Backup and restore

Hi Paperpile.

Thanks for a great product. I know there is a way to export the entire database as a JSON file. That is very useful. I am wondering if there is a way to import the JSON data again? Like a restore option, if the database gets messed up.

At our company, we are starting to use Paperpile to maintain a tagged interactive publication list for our homepage. We export the JSON data, and then transform it into an interactive javascript based publication list. (Maybe a service/product you could consider for companies?). We previously did this with a BibTeX based JabRef database. This solution had a lot of drawbacks, but it was easy to wrap in a version control system. I am kind of missing revision control for Paperpile. I have no problem backing up the JSON data manually, but I missing the restore option.

If nothing else, could you at Paperpile restore a database manually if disaster struck?

Regards,
Morten

2 Likes

Same wish here. I am considering to recommend PP for my department’s library, but I don’t see a working solution for disaster recovery, which would be essential for a professional use case.

Any news on this?

Hi, Martin, given that PP databases exist on google, drive, my thinking is that google handles this, on the back end (i.e., invisible to the user). If you REALLY don’t trust google, you can always download a copy of your papers to a local drive. Or are you looking for something else?

Hey Bruce,
I am not against Google and do trust their data security.
My aim is to create a workflow for my department’s bibliography, which will be maintained be different employees. Long term security is a crucial aspect of the design.

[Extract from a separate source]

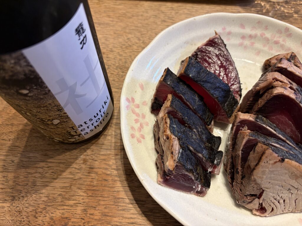 カツオの藁焼きタタキとも相性抜群です。こちらは本場・高知県のふるさと納税返礼品で、生臭さはまったくなく、藁焼きの香ばしさとカツオの旨味がしっかりと広がります。龍力と合わせると、カツオのしっかりとした味わいと程よい酸味が龍力と見事に調和し、互いの旨味を引き立て合います。
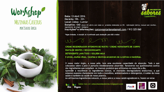 Donativo: 40€ (Inclui: kit oferta com todos os produtos elaborados no WS - creme regenerador intensivo de rosto, creme hidratante de corpo, pasta de dentes, desodorizante, pasta de curcúma para Golden MIlk e detergente lava tudo, informação teórica, manual com receitas e ingredientes de origem biológica ) Há sempre um mimo oferecido pela Organii, Cosmética Biológica. Serão ensinados também, detergente de roupa e pó solto para maquilhagem.

To be independent from personal accounts, we would share one institutional Google account. However, this would enable every employee to wipe everything connected with the account, so the danger could be on the user’s side as well. I don’t know how PP stores our data, but professionalism requires to have an independent backup because even the most professional organizations can lose data (unlikely though, but better be safe then sorry).

My idea was to (1) run a script every night or so, that downloads the complete data from PP.
In case of technical or other disaster I would like to be able to create (2) a blank new project and import the backup dataset (3) to have a PP database identical to the DB we had before disaster struck.

That’s the idea, but maybe I am asking too much.